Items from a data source
=== Begin Enclosure ===
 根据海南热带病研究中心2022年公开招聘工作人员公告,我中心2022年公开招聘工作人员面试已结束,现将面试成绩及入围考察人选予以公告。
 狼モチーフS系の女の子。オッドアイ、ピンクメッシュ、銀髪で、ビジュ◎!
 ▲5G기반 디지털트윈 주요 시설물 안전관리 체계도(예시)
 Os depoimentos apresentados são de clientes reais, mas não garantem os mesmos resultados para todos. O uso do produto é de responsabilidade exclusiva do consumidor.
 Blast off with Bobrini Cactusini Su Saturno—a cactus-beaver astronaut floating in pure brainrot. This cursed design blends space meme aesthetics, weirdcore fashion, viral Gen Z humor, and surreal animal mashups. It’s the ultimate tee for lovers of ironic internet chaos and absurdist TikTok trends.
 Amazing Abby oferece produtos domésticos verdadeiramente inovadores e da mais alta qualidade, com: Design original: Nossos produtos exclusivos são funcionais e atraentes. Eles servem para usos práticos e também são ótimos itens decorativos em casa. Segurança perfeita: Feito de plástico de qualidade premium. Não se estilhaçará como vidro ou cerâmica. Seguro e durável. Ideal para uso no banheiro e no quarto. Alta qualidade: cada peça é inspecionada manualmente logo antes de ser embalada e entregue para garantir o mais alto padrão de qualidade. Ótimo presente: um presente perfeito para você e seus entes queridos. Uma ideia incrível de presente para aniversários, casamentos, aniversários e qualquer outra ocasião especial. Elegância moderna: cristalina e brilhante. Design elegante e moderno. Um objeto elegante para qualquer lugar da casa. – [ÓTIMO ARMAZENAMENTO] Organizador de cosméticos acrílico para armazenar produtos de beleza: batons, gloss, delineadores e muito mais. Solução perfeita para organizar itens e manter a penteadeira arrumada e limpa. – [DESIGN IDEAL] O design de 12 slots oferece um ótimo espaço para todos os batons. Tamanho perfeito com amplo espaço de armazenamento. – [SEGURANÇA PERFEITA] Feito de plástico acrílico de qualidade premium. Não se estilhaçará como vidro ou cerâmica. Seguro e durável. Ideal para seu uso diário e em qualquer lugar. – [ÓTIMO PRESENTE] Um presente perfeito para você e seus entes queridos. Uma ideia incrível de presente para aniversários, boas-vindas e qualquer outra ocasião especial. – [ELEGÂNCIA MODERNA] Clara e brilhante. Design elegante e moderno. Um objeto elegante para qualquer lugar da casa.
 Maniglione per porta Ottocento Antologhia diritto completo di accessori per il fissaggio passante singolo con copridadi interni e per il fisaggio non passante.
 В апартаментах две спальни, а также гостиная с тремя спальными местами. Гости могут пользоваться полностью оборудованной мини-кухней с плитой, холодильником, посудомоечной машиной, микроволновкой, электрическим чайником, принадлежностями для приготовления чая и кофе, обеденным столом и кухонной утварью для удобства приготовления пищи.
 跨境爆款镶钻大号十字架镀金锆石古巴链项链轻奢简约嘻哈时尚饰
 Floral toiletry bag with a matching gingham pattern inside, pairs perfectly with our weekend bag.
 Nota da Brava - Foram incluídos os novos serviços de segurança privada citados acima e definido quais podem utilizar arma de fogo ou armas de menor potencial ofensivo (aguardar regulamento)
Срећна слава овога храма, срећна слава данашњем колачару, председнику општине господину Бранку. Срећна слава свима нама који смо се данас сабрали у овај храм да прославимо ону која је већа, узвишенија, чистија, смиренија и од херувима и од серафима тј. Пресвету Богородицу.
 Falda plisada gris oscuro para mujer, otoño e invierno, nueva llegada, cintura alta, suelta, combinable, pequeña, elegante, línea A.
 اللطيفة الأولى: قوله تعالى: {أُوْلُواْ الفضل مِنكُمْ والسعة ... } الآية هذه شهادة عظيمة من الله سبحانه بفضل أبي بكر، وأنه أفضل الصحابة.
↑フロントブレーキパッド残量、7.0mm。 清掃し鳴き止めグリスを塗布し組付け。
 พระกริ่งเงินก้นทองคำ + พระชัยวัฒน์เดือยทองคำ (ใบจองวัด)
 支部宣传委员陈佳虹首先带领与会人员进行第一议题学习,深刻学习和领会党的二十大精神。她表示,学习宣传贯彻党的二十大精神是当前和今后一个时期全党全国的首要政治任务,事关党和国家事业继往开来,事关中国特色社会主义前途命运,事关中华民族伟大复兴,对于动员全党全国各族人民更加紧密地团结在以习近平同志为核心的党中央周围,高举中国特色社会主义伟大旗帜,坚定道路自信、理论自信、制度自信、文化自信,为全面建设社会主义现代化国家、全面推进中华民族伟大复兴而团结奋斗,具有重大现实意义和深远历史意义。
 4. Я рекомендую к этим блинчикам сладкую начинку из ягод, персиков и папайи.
=== End Enclosure ===
:: TASK TO COMPLETE ::
The lines above, from the first through the one containing "Os depoimentos apresentados", must be restated word for word, with nothing added.

:: SOLUTION TO THE PROBLEM ::
 根据海南热带病研究中心2022年公开招聘工作人员公告,我中心2022年公开招聘工作人员面试已结束,现将面试成绩及入围考察人选予以公告。
 狼モチーフS系の女の子。オッドアイ、ピンクメッシュ、銀髪で、ビジュ◎!
 ▲5G기반 디지털트윈 주요 시설물 안전관리 체계도(예시)
 Os depoimentos apresentados são de clientes reais, mas não garantem os mesmos resultados para todos. O uso do produto é de responsabilidade exclusiva do consumidor.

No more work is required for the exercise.